Successes in Gene Therapy: 2017

September 14, 1990.

Anaheim, California: The Seattle Mariners were playing the California Angels. In the first inning, Ken Griffey Sr. hits a home run to center. Next at bat, his son Ken Griffey Jr. hits a home run to left center, becoming the first father-son duo to hit back-to-back home runs in a major league game.

New York, New York: Madison Square Garden is packed as the Grateful Dead kick off the first of six shows in NYC as part of their tour. The set starts off with Feel Like a Stranger and ends with U.S. Blues.

Bethesda, Maryland: Four-year-old Ashanti DeSilva lies on a bed in the National Institutes of Health’s Clinical Center. Diagnosed with adenosine deaminase severe combined immunodeficiency (ADA-SCID), and no longer responding to PEG-ADA, Ashanti becomes the first patient treated with gene therapy.

Twenty-seven years have since passed, and while Ken Griffey is now retired and Grateful Dead is winding down as Dead and Company, gene therapy is on a remarkable upward trajectory. 2017 is clearly the year when decades of work are finally coming to fruition.
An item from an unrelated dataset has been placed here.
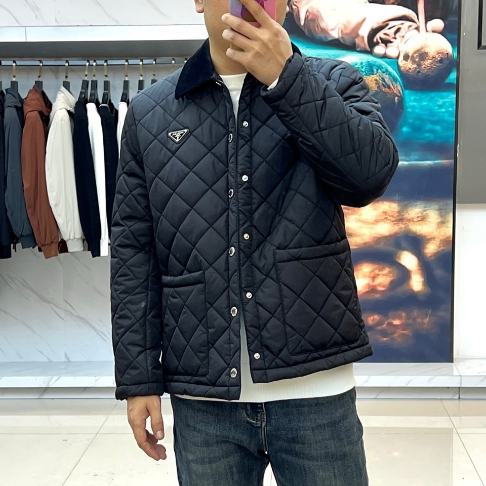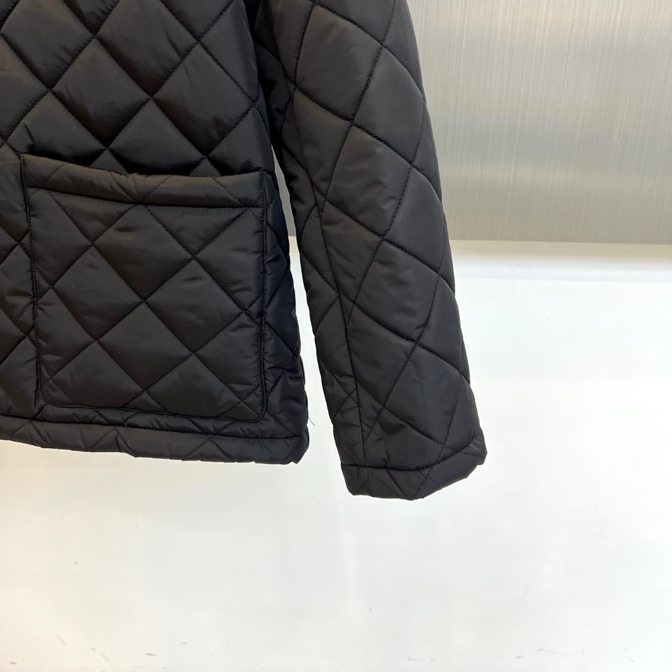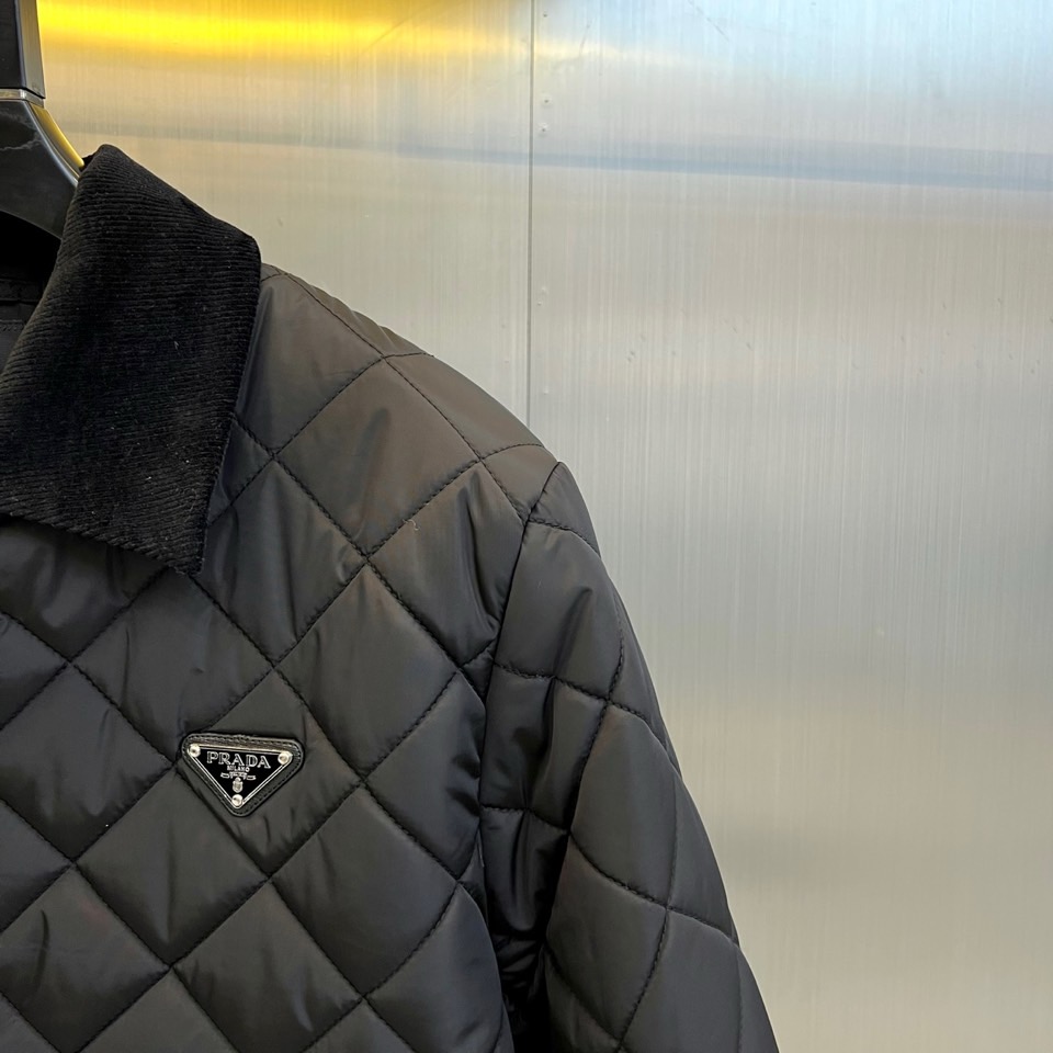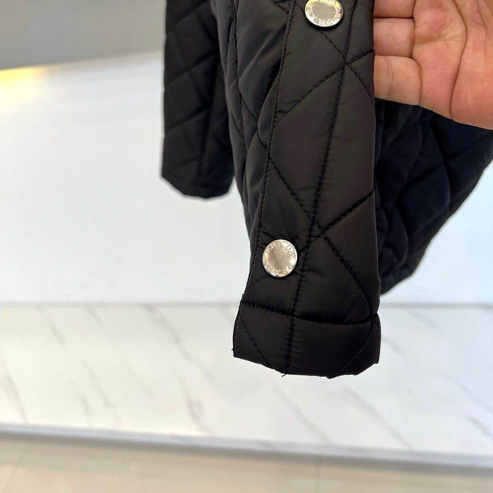 p430  Prad普拉达、2025秋冬新品棉服以经典菱格绗缝工艺重塑都市保暖美学。这款棉服采用立体翻领设计,内衬选用丝绒质感面料提升穿着舒适度。衣襟配备哑光金属按扣闭合系统,左侧胸口点缀标志性珐琅三角徽标,袖口采用罗纹收口设计防风保暖。填充高品质环保棉絮通过规整的菱形绗缝固定,既确保保暖性能又形成独特的立体纹理。
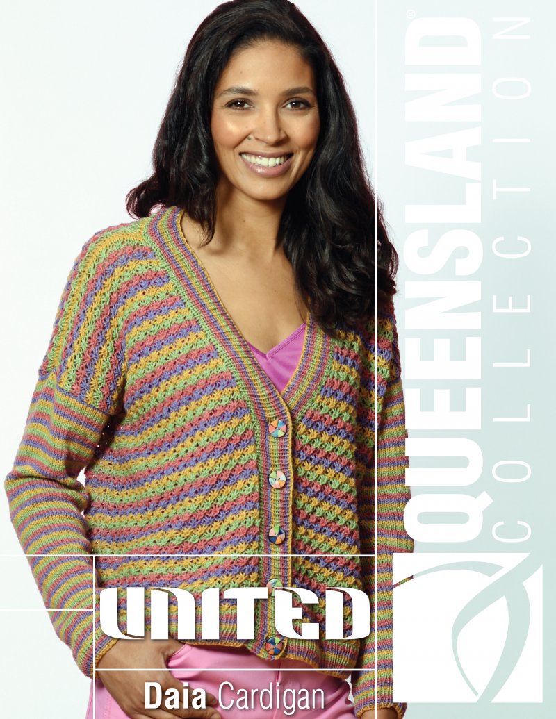 The body of this colorful cardigan features an all-over star stitch patterns. The stockinette stitch sleeves are knit in coordinated stripes.

The Ernest Beutler Lecture and Prize was fittingly awarded at the 2017 ASH Annual Meeting to Luigi Naldini and Marina Cavazzana who have been pioneers in driving the field of gene therapy forward. Their lectures eloquently highlighted the long scientific and clinical pursuit that has led to the successes we are seeing today. Patients with ADA-SCID, X-SCID, metachromatic leukodystrophy, Wiskott-Aldrich syndrome, Beta-thalassemia, and other diseases have been treated because of the continued pursuit to advance gene therapies.

The first hematologic gene therapy approval took place in Europe in 2016 with Strimvelis for the treatment of ADA-SCID. In 2017, the first two patients were treated with the commercial product, a remarkable achievement for this year on its own. However, there have now been three gene therapies approved in the United States in 2017. Kymriah, a chimeric antigen receptor T cell (CAR-T) therapy for acute lymphoblastic leukemia; Yescarta, a CAR-T therapy for non-hodgkin’s lymphoma, and Luxturna, an adeno-associated virus (AAV) to correct RPE65 mutations that cause retinal dystrophy.

These clinical approvals pave the way for a wide variety of gene therapies that have made significant steps towards clinical use in the past year. At the 2017 ASH Annual Meeting, clinical data on other AAV products for hemophilia A^1,2  and hemophilia B³  were presented. New gene therapy approaches in X-SCID using self-inactivating virus and mild conditioning have shown promising results in generating multi-lineage chimerism.⁴  Advanced follow-up of patients treated with a lentiviral gene therapy for beta-thalassemia are showing evidence of transfusion independence in 2017,⁵  and advances in gene-modified cell delivery directly into the bones may increase the efficacy of gene therapy for beta-thalassemia⁶  and other diseases. As vector development and conditioning regimens continue to improve, gene therapy in sickle cell disease is also beginning to take shape in 2017.⁷  CAR-T therapies, which use gene therapy techniques to add the chimeric receptor, were so prominent in the 2017 meeting it is impractical to highlight them all here. Hematologists are also leading the way in using gene modified hematopoietic stem cells to treat non-hematologic disorders, such as the phase 2 to 3 data published this past year treating patients with cerebral leukodystrophy.⁸ 

As this 2018 edition of The Hematologist hits our readers’ mailboxes, these are the advances I am looking forward to this year. In hematopoietic stem cell therapies, integrating lentiviruses are leading the way, but I expect considerable advances at the pre-clinical or clinical stages of gene editing techniques using CRISPR-cas9 to be headliners at the 2018 meeting. More follow-up, and importantly, larger cohorts of patients across all the diseases discussed above will happen over the next year, and 2018 may be a time when “curative therapy” is attached to more of these strategies. Finally, this year will see a lot of talk about the cost of this new class of medicine – a lot of talk. Clinics providing these new therapies will struggle with costs, patients will have access issues, and ever-increasing ingenuity with reimbursement/payment/money-back guarantees will be constantly in the news. These are important issues, but my hope is that these issues do not distract us from what we are witnessing in our field. Dogged determination in the laboratory and the clinic are leading to incredible results for patients. The first gene therapy approval in the U.S., followed by two more in the same year, seems to be one for the record books, just like father and son back-to-back home runs.